The detection of Chlamydia in atypical hosts has been reported. In these reports, samples were collected from different countries over a long period [32] or from different provinces/regions for several months in each country [15, 29]. In contrast, we collected samples in a small village (consisting of approximately 10 families), where direct contact between farm and wild animals occurs, over 2 days. All the wild birds examined in this study were native birds. Because they were captured near the village, contact between wild birds and livestock could be frequently occurring. In fact, livestock reared in the village was always free range and grazed and fed in the foothills, which ensured that they were in contact with wild birds. In addition, all the Chlamydia were detected in healthy wild birds and livestock. Therefore, Chlamydiaceae bacteria may infect asymptomatically, resulting in its circulation and maintenance among the wild birds and livestock in this area. Here, the existence of C. pecorum among different hosts, such as wild birds, livestock and chickens, in the small area might imply the circulation of Chlamydia. Certainly, multi-locus sequence typing or whole-genome sequencing analyses of detected strains and a fixed-point sampling are necessary for discussing the circulation of pathogens in a specific environment, like those conducted in urban pigeons in one German town [24].
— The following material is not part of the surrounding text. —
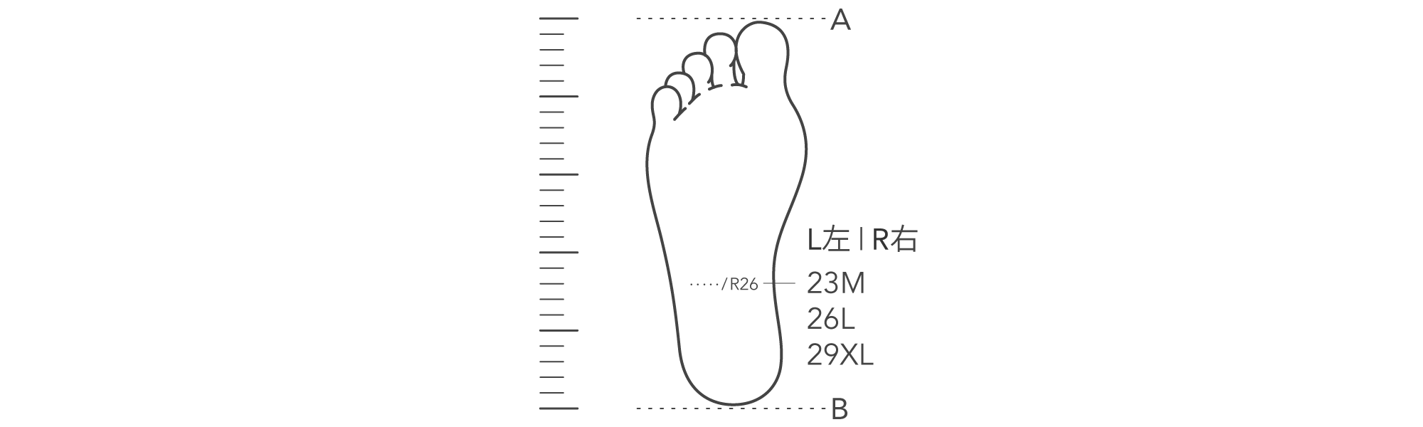 | 尺寸 | 腳掌長(腳趾至腳跟長度) |

This is the first report that examined the prevalence and diversity of Chlamydiaceae in several kinds of mammals and birds in the Afadjato and Agumatsa area of Ghana, West Africa. It is imperative to further investigate the genetic diversity of harbored by wild birds and livestock in this area to explore their evolutionary relationships, host specificity and cross-species transmission mechanisms. These results will help to evaluate the impact of Chlamydiaceae on public health, livestock hygiene and wildlife conservation.

POTENTIAL CONFLICTS OF INTEREST

No author has a potential conflict of interest relevant to this article.